The team.txt file includes information about the team members ( first name, last name, student ID, login, yorku email ). You can also submit the files individually after you complete each part of the assignment– simply execute the submit command and give the filename that you wish to submit. Make sure you name your files exactly as stated. You may check the status of your submission as following:

% submit -l 4415 a 2

(^1) Yelp. http://www.yelp.com

A. Distributed Computation of n - grams ( 35 %, 5 % each)

In the fields of computational linguistics, an n - gram is a contiguous sequence of n items from a given sample of text. For this part of the assignment you can assume that items are words collected from yelp business tips. An n - gram of size 1 is referred to as a “unigram”; of size 2 is a “bigram”; of size 3 is a “trigram”. For example, given the text input “I love ice cream” the following unigrams, bigrams and trigrams are computed: unigrams →(“I”, “love”, “ice”, “cream”) bigrams →(“I love”, “love ice”, “ice cream”) trigrams →(“I love ice”, “love ice cream”)

Your task is to design and implement MapReduce algorithms that given a collection of business tips:

  • compute the number of occurrences of each unigram in the tips collection (umapper.py, ureducer.py) and output the results in a file called unigrams.txt
  • compute the number of occurrences of each bigram in the tips collection (bmapper.py, breducer.py) and output the results in a file called bigrams.txt
  • compute the number of occurrences of each trigram in the tips collection (tmapper.py, treducer.py) and output the results in a file called trigrams.txt
  • how would you modify these scripts in order to compute the frequency of each of the quantities (instead of the number of occurrences)? Provide a short answer in plain text (up to half a page) with the name frequency-computation.txt

The collection of business tips is provided in a file yelp_tip.csv that follows the same format as the original data set provided by Kaggle. The contents of the file might vary when testing your code.

Running the script:

The following webpage provides useful information on how to test your scripts first locally and then in the Hadoop environment: https://www.michael-noll.com/tutorials/writing-an-hadoop-mapreduce-program-in-python/

B. Distributed Computation of business popularity by day of the week ( 25 %)

Design and implement MapReduce algorithms that given a collection of yelp checkins, compute the aggregated number of checkins per day of the week for each business. Your mapper and reducer should be named checkinsmapper.py and checkinsreducer.py, respectively they should output the results in a file called checkinsbyday.txt

The output file checkinsbyday.txt looks like:

Yelp_business_ 1 , Mon, #checkins
Yelp_business_ 1 , Tue, #checkins
...
Yelp_business_ 1 , Sun, #checkins
Yelp_business_ 2 , Mon, #checkins
Yelp_business_ 2 , Tue, #checkins
...
Yelp_business_ 2 , Sun, #checkins
...

The checkin information is provided in a file yelp_checkin.csv that follows the same format as the original data set provided by Kaggle. The contents of the file might vary when testing your code.

Running the script:

Similar to instructions provided in Part A.

C. Distributed Construction of an Inverted Index ( 40 %)

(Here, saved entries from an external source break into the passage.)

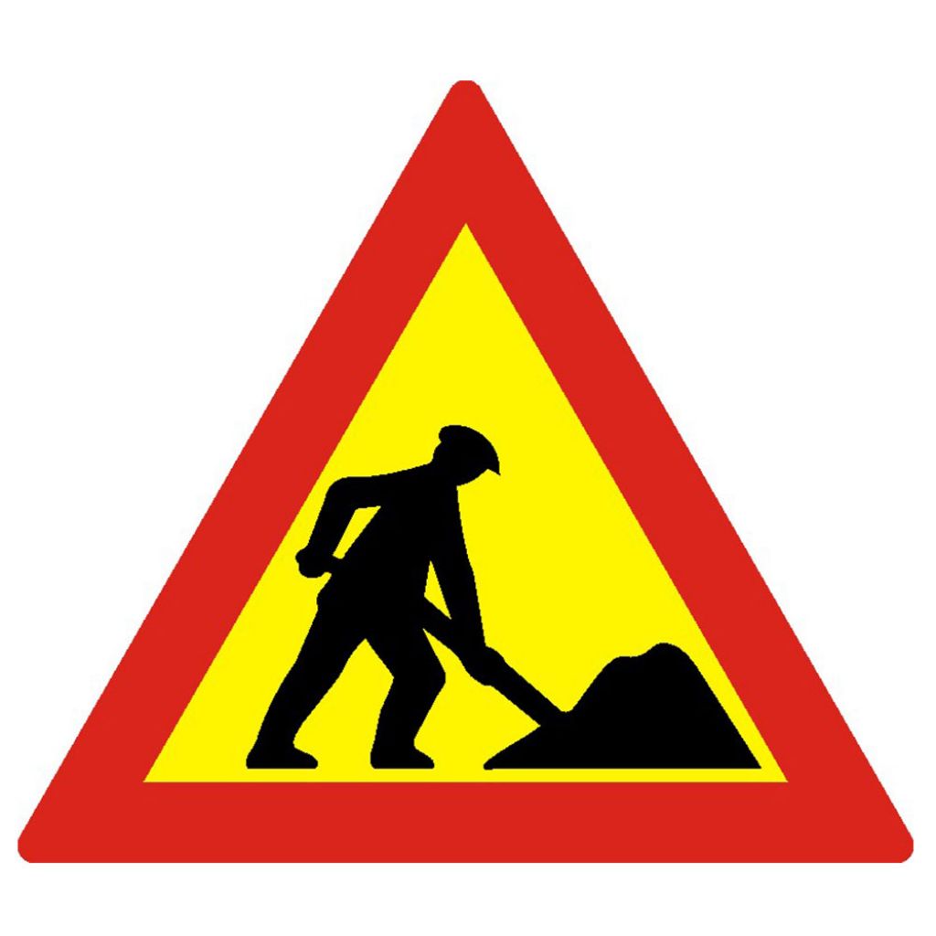 Lucrari, A27, indicator de avertizare, Protrafic, 700 mm, folie reflectorizanta clasa 1, otel vopsit, se instalează la o distanta de 20-200 m de sectorul de drum pe care se execută lucrări. Fondul de culoare galbena semnifică caracterul temporar al lucrării. La întâlnirea acestui indicator, Conducătorul auto este obligat să reducă viteza.
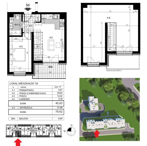 Przedmiotem sprzedaży jest dwupoziomowe mieszkanie o powierzchni 78,62 m² z balkonem zlokalizowane na IV i V piętrze (budynek 5-piętrowy z windą). Cena zawiera VAT. Mieszkania oddawane są w standardzie deweloperskim +.
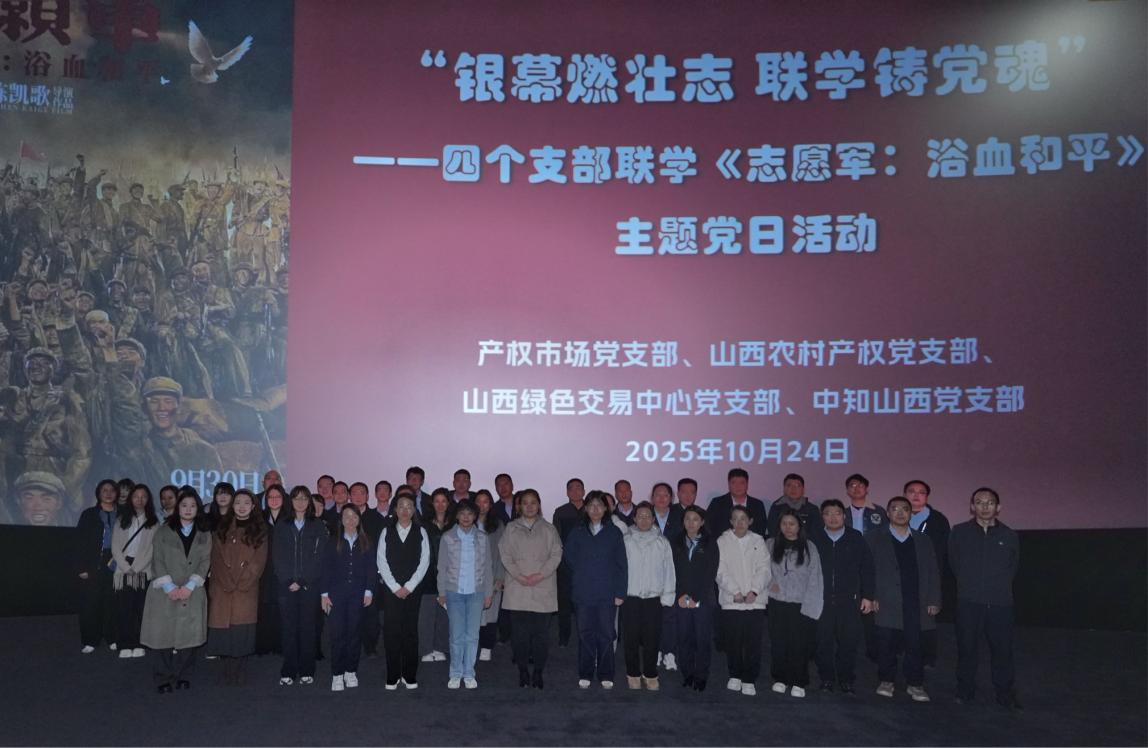 为深入推进爱国主义教育,传承伟大抗美援朝精神,强化全体员工理想信念与使命担当,10月24日,山西产权市场党支部联合绿色交易中心党支部、山西农村产权党支部、中知山西党支部,四个支部共同开展“银幕燃壮志 联学铸党魂”主题党日活动,组织全体员工集中观看爱国主义影片《志愿军:浴血和平》,重温峥嵘岁月,汲取奋进力量。
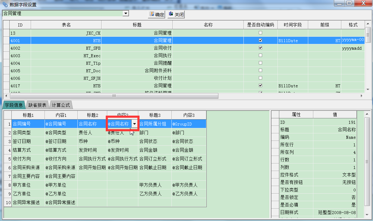 点【合同名称】的内容那一列,会出现一个下拉符号,点中这个下拉符号,把【合同名称】选择为【工程名称】,然后点【确定】。 这个地方要注意从内容字段那一列开始点选字段,相对应的标题列字段会自动改变。

In information retrieval, an inverted index is an index data structure that stores a mapping from words to a collection of documents that they appear in. Your task is to build an inverted index that maps categories (of businesses) to businesses. In other words, given a collection of businesses (as provided by Yelp), an inverted index is a dictionary where each category is associated with a list of the business ids that belong to that category. See the example below:

Your task is to design and implement MapReduce algorithms that given a collection of Yelp businesses:

  • compute the inverted index of the categories to businesses (iimaper.py, iireducer.py) and output the results in a file called inverted-index.txt

The collection of businesses is provided in a file yelp_business.csv that follows the same format as the original data set provided by Kaggle. The contents of the file might vary when testing your code.

Running the script:

Similar to instructions provided in Part A.